Because the effects of MA were greatest in the reversal phase of the stable PRL schedule, we restricted our analysis to the computational parameters obtained from the choices made during the reversal phase using repeated measures MANOVA. Similar to the results in the variable PRL, the Δ2 parameter was significantly higher in rats exposed to MA compared with those exposed to saline (F1, 13=6.46; p=0.02; Figure 3f), providing additional evidence that the utilization of negative outcomes was disrupted following exposure to MA. Although the other parameter estimates were not significantly different between the experimental groups (γ: F1, 13=0.51; p=0.49; Δ1: F1, 13=1.24; p=0.29) they were in a direction similar to that in the variable PRL task (eg, MA-exposed rats had higher γ and lower Δ1 parameter compared with saline-exposed rats).
Pharmacological Manipulations
The probability that rats would choose the highest reinforced option in the acquisition phase was compared with that during the reversal phase following administration of vehicle or sulpiride. There was a significant interaction between task phase and drug condition (F1, 10=6.61; p=0.02; Figure 4a). Sulpiride did not alter performance of rats in the acquisition phase (F1, 10=0.01; p=0.91) but decreased performance in the reversal phase (F1, 10=9.69; p=0.01). This decrease in reversal performance was because of an increase in both perseverative and intermediate responding (drug: F1, 18=7.74; p=0.01; drug-by-error type: F1, 18=0.36; p=0.55; Figure 4b). Trial-by-trial analysis of choice based on previous trial outcome indicated that administration of sulpiride increased the probability that rats would persist with the same choice following an unrewarded trial (F1, 10=6.32; p=0.03), but did not affect the probability of persisting with the same response following a rewarded trial (F1, 10=0.14; p=0.72; Figure 4c). A repeated measures MANOVA of the free parameter estimates of choices made during the reversal phase indicated that the γ and Δ2 parameters increased following administration of sulpiride, compared with saline (γ: F1, 9=8.15; p=0.01; Δ2: F1, 9=5.26; p=0.04), similar to increase we observed in rat exposed to MA, and that there was a trend-level decrease in the Δ1 parameter (F1, 9=4.58; p=0.06; Figure 4d) akin to that observed after MA exposure.
Administration of SCH23390 reduced the number of trials rats completed, compared with saline (t(10)=2.53; p=0.03; data not shown), and two rats were excluded from the analysis for failing to complete enough trials to experience a reversal. Administration of SCH23390 did not alter the probability that rats would choose the highest reinforced noseport across the task phases (F1, 8=2.87; p=0.13; Figure 4e) and did not alter the types of error rats made (drug: F1, 16=0.65; p=0.43; Figure 4f) or the influence of rewarded (F1, 8=0.002; p=0.96) or unrewarded trials (F1, 8=0.006; p=0.94; Figure 4g) on subsequent choices. Similarly, there was no effect of SCH23390 on the free parameters derived from choices made during the reversal phase (γ: F1, 8=0.78; p=0.40; Δ1: F1, 8=0.55; p=0.48; Δ2: F1, 8=2.53; p=0.15; Figure 4h).
Discussion
We provide novel insights into the mechanisms of maladaptive value-based decision making caused by exposure to MA. By combining translationally analogous behavioral tasks in rats with computational analytic tools and pharmacology we demonstrate that exposure to an escalating dose regimen of MA produces aberrant encoding of choice-outcome behavior on future decisions, and may do so by diminishing dopamine D2/3 receptor signaling. Our results have important implications for understanding the pathophysiology of addiction and are the first to employ both linear regression and formal algorithmic behavioral analyses to psychostimulant-exposed rats.

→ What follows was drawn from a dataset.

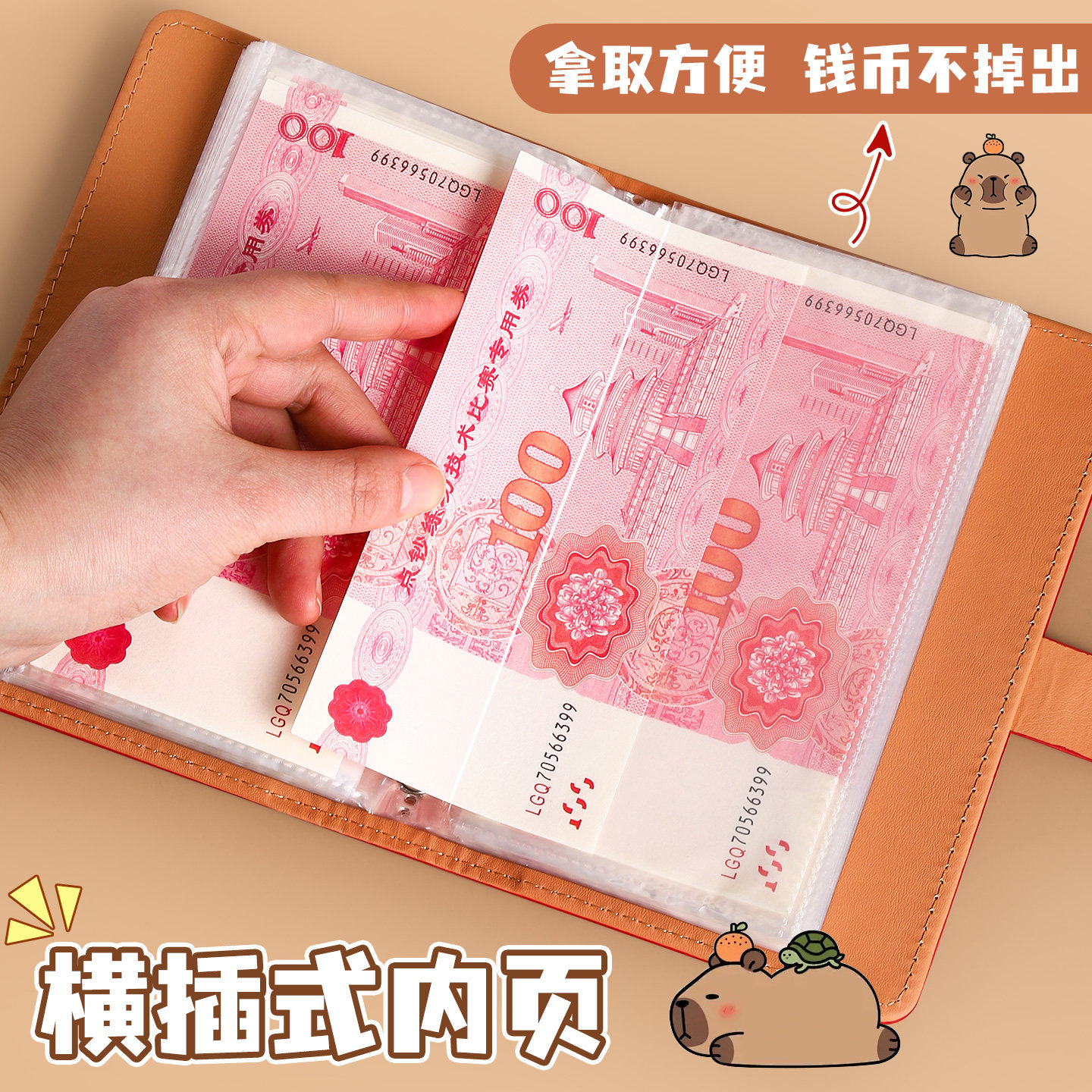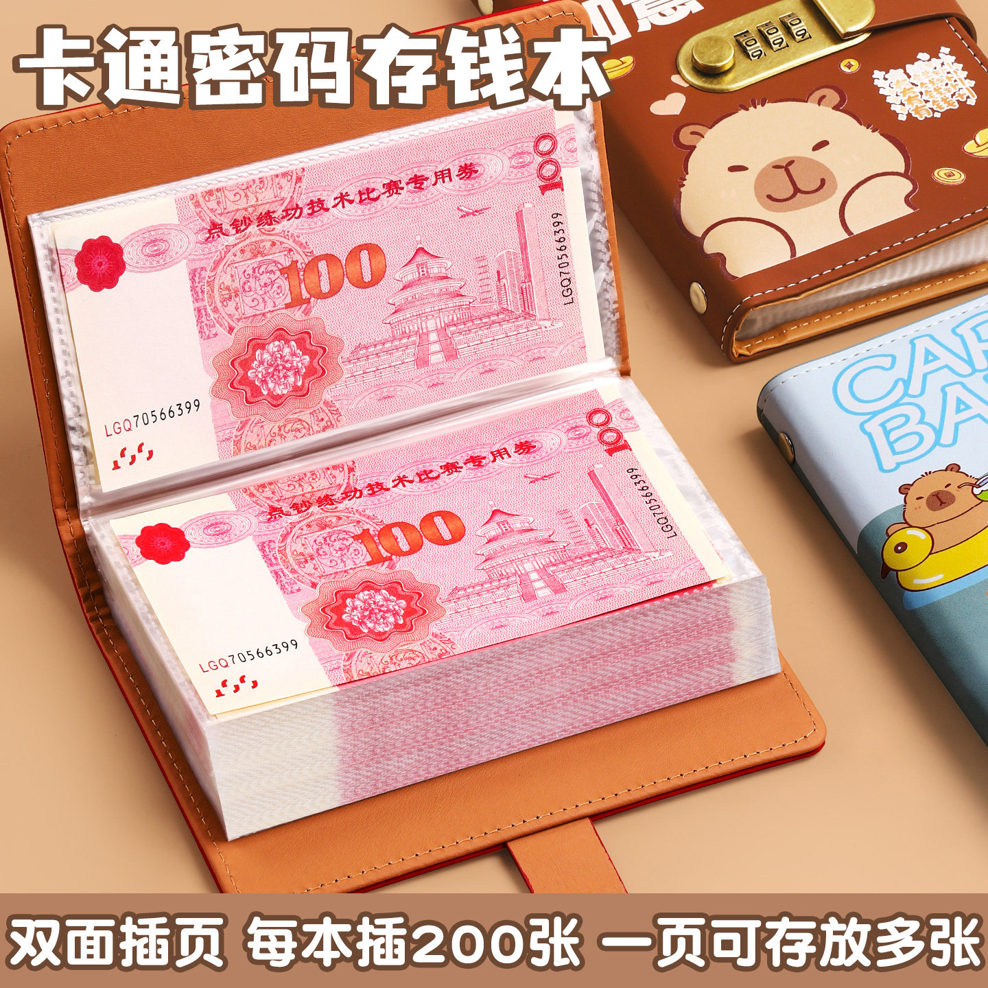 卡皮巴拉卡通存钱本压岁钱收纳包2025新款密码锁存钱夹钱册高颜值可爱可放只放现金大容量百元钞票收纳袋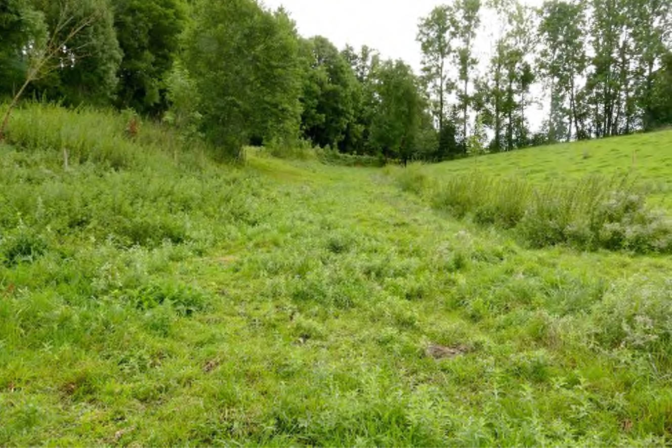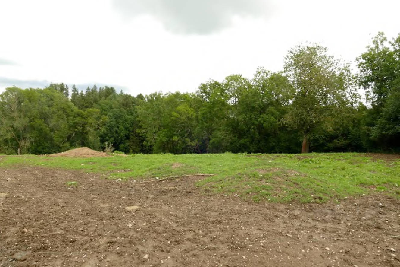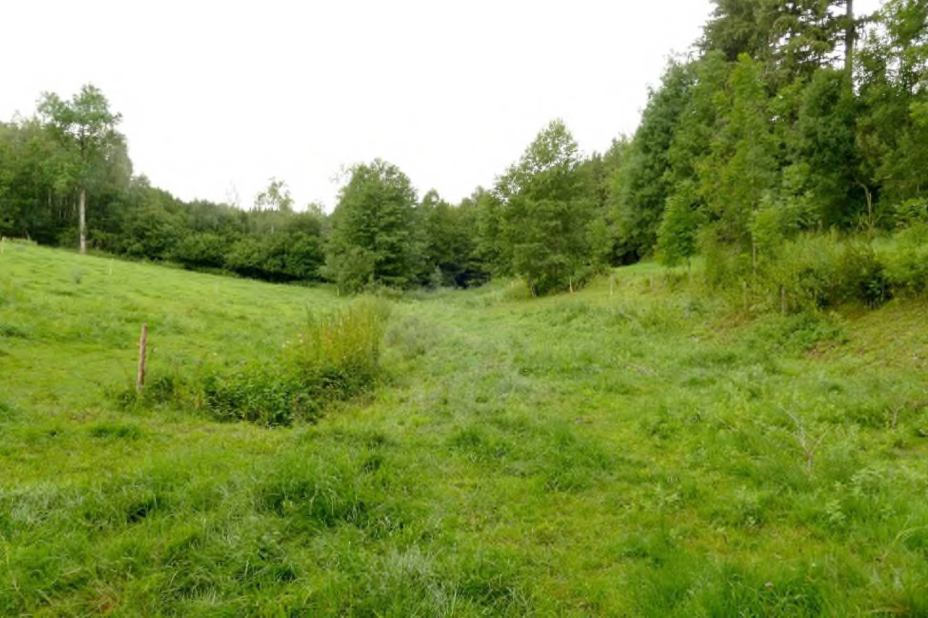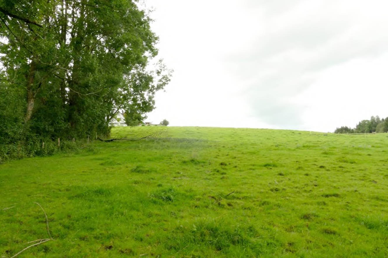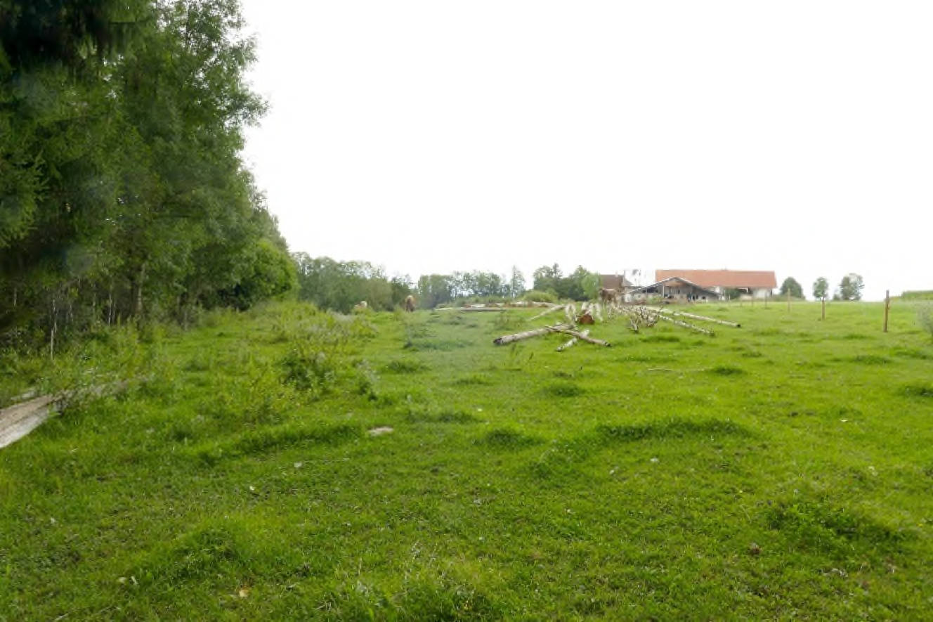 Beschaffenheit Grünland mit einfacher bis mittlerer Ertragsfähigkeit, im südöstlichen Bereich Fläche mit Staunässe (ca. 2.500 m²), Fläche östlich Bachlauf mit starken Unebenheiten und Wildwuchs, Laubwald im Nordosten (ca. 400 m²) ohne Bestandeswert, stehendes Gewässer im Nordosten (Tümpel, ca. 178 m²) mit umlaufendem Schilffbewuchs, biotopkartiertes Feldgehölz entlang der Südostgrenze

The decision-making alterations observed in rats following exposure to MA were associated with impairments in the utilization of positive and negative outcomes to guide subsequent choices. Notably, the logistic regression analyses of recent choices and outcomes indicated that exposure to MA increased the probability that rats would persist with the same response following a nonrewarded trial. The model-free reinforcement learning analyses—that examined long-term dependencies of choice and outcome—provided additional evidence that exposure to MA impaired the ability of rats to use negative outcomes in guiding their decision making. However, previous work in animals have reported that utilization of negative outcomes to guide choices remains intact following exposure to MA, such that non-reinforced trials result in lose–switch behavior (Stolyarova et al, 2014). This discrepancy is likely because of the fact that deterministic schedules were used in these studies. Because probabilistic schedules introduce uncertainty into the decision-making process, the behavioral mechanisms that govern decisions in dynamic environments differ from those recruited in stable conditions (Dalton et al, 2016). Our results, using probabilistic schedules of reinforcement, parallel previous observations of impaired utilization of negative outcomes in psychostimulant-dependent humans (Paulus et al, 2003; Parvaz et al, 2015; Ersche et al, 2016). Here, under probabilistic conditions non-reinforced trials would not be expected to result in marked lose–shift behavior, but exposure to MA resulted in a robust increase in lose–stay behavior. This change in response strategy extended to distant trials, as revealed by the computational and logistic regression analysis (ie, increases in the Δ2 parameter and positive regression coefficients for non-rewarded trials). We interpret this as evidence for maladaptive utilization of negative outcomes on choice behavior that reflects a form of perseverative behavior that extends beyond the most recent outcome.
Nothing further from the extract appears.